Intraperitoneal tuberculosis can cause a raised CA-125 mimicking ovarian malignancy [3]. In one study, 5.7% of the 138 patients suspected of having ovarian cancer actually had tuberculosis [3]. Women with APTB tend to be younger than the typical age for malignancy, averaging between 20 and 40 years old [4]. Noninvasive testing for tuberculosis remains a challenge. The tuberculin skin test has a low sensitivity, especially in cases of APTB. Currently, laparoscopy and biopsy is the preferred method of differentiating between tuberculosis and ovarian cancer, thus avoiding hysterectomy [5]. This can be especially beneficial in patients wishing to preserve their fertility [5].

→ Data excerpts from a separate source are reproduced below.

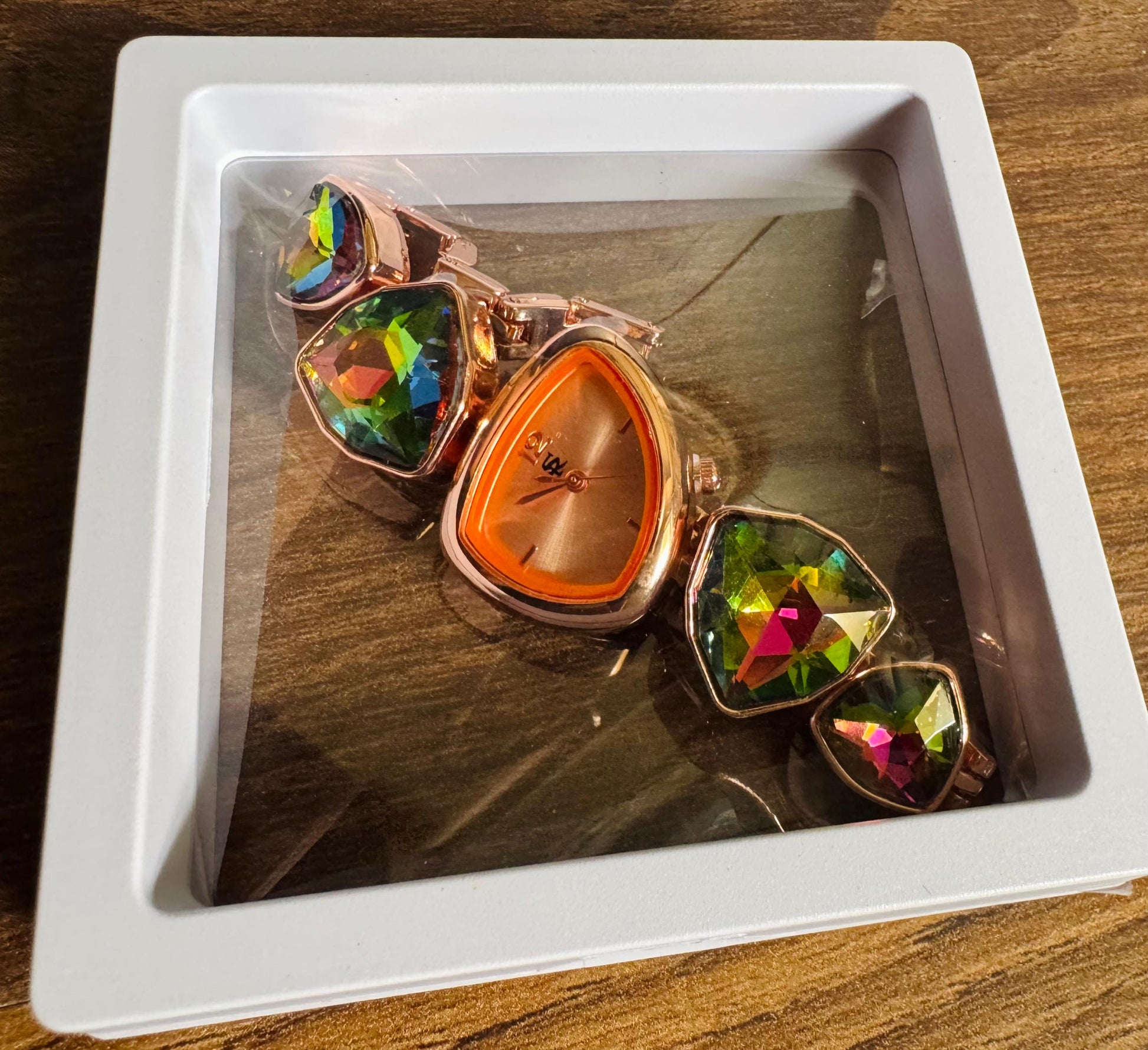 Elevate your style with this expert-crafted Crystal Studded Analog Watch designed for women. Featuring a unique asymmetrical rose gold dial paired with a matching stainless steel strap, it combines elegance with contemporary fashion. Precision analog movement ensures reliable timekeeping, while the crystal embellishments add a subtle sparkle. Made in India, this watch offers both aesthetic appeal and durable quality, perfect for those who appreciate refined craftsmanship and standout design.
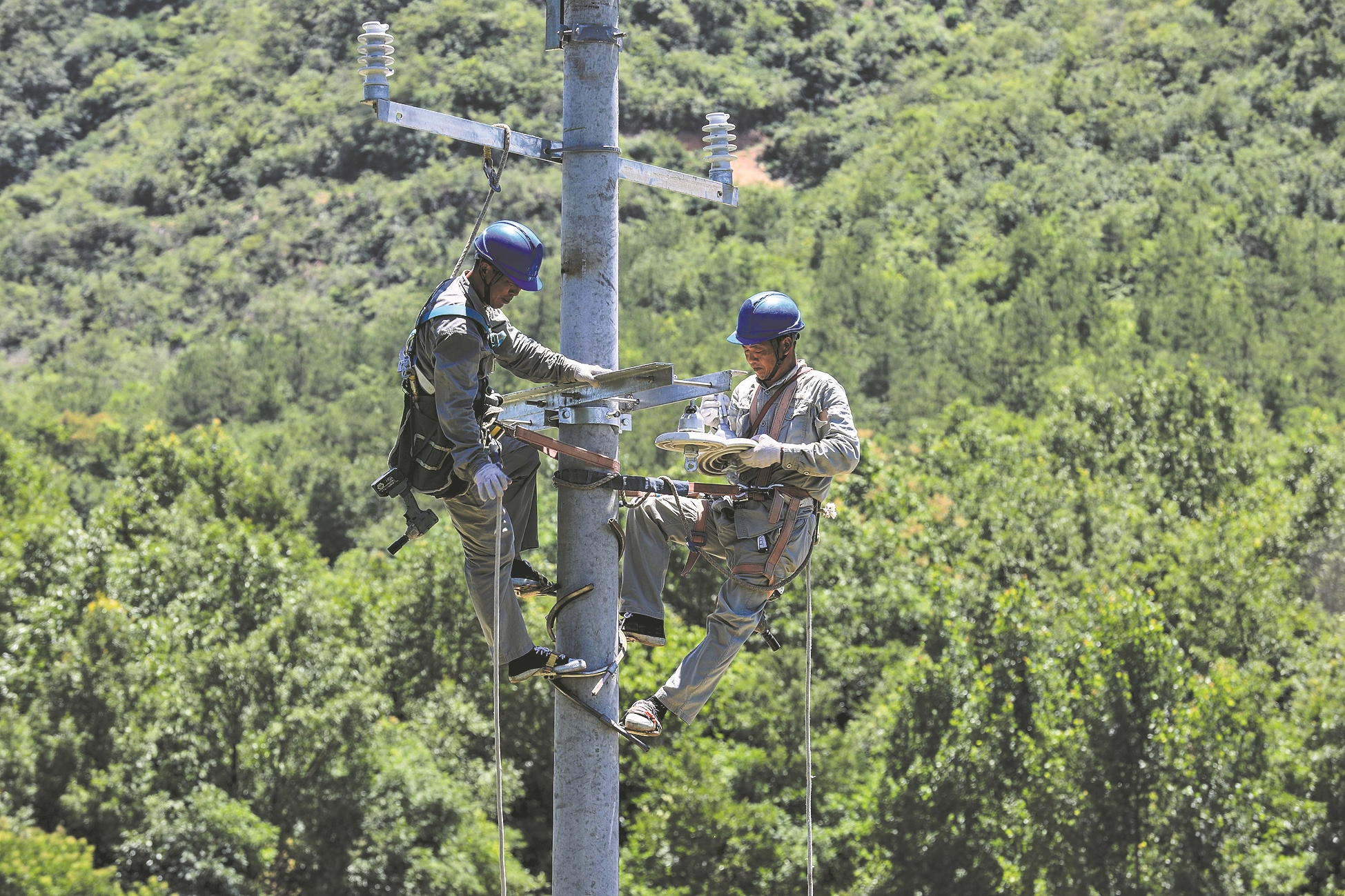 7月4日,太平镇电力抢修现场,工作人员挥汗如雨进行高空作业。
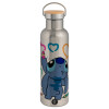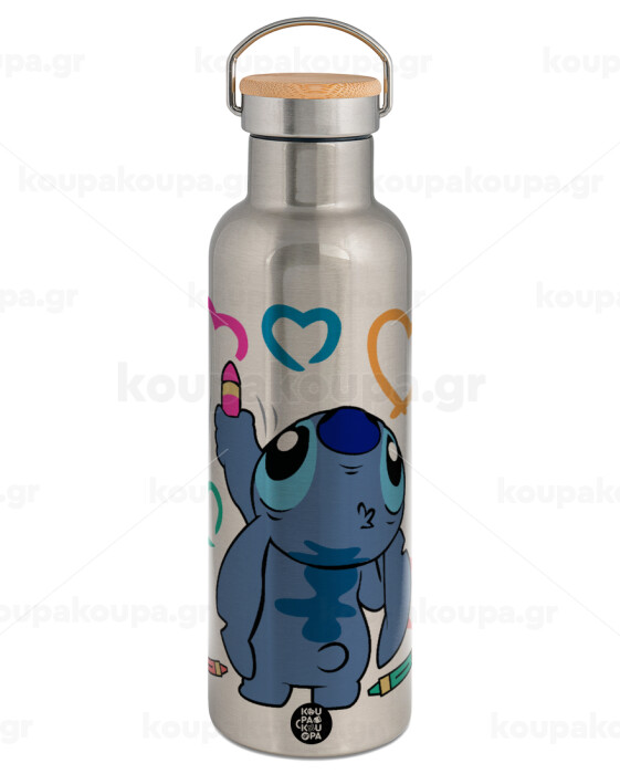 Lilo & Stitch painting, Stainless steel Silver with wooden lid (bamboo), double wall, 750ml
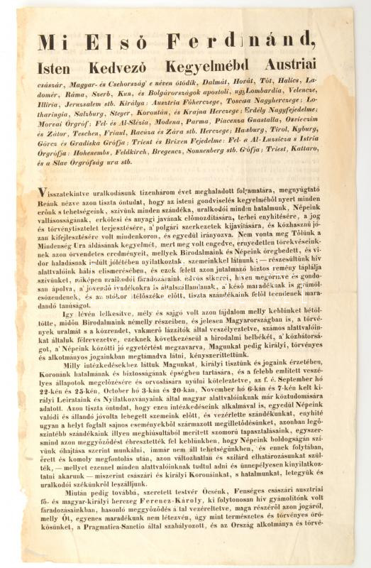 Description: 1848. december 2. Az Olmützi proklamáció, melyben V. Ferdinánd lemond a trónról, Ferenc Károly főherceg pedig a trónutódlásról Ferenc József javára. Kétoldalas nyomtatvány. / 1849 Proclamation made in Olmütz in which Ferdinand V. resigns from the throne in favor of Franz Josef.39x24 cm
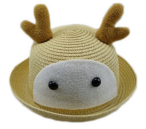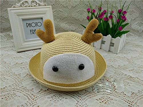アウトドアスポーツ 日焼け防止 UVカット 韓国 人気 通気 草編み 春夏 日よけ帽・麦わら帽子・キャップ・可愛いハット、赤ちゃん&子供用、鹿の角 クリームいろ
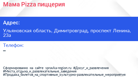Мама Pizza, пиццерия по адресу Ульяновская область, Димитровград, проспект Ленина, 23а в дальнейшем Организация, размещена в следующих категориях:

As with pulmonary tuberculosis, first line treatment for APTB is a combination of rifampicin, isoniazid, pyrazinamide, and ethambutol for six months. However, there are emerging cases of multidrug-resistant tuberculosis, with 2-3% of cases resistant to at least isoniazid and rifampicin in Australia and 600,000 new cases of drug resistance worldwide in 2016. Unfortunately, while the majority of cases of tuberculosis are treatable, there remains a significant gap in access to early detection and treatment [2].

Diagnosis of APTB can be challenging as the symptoms are nonspecific and may mimic gynaecological malignancy, bowel disease, or other infectious diseases. Interestingly, our patient had both a large ovarian cyst and APTB. This necessitated laparotomy due to suspected ovarian malignancy. This case emphasizes the importance of considering rare conditions in order to achieve the best possible patient outcome.

Conflicts of Interest

The authors declare that they have no conflicts of interest.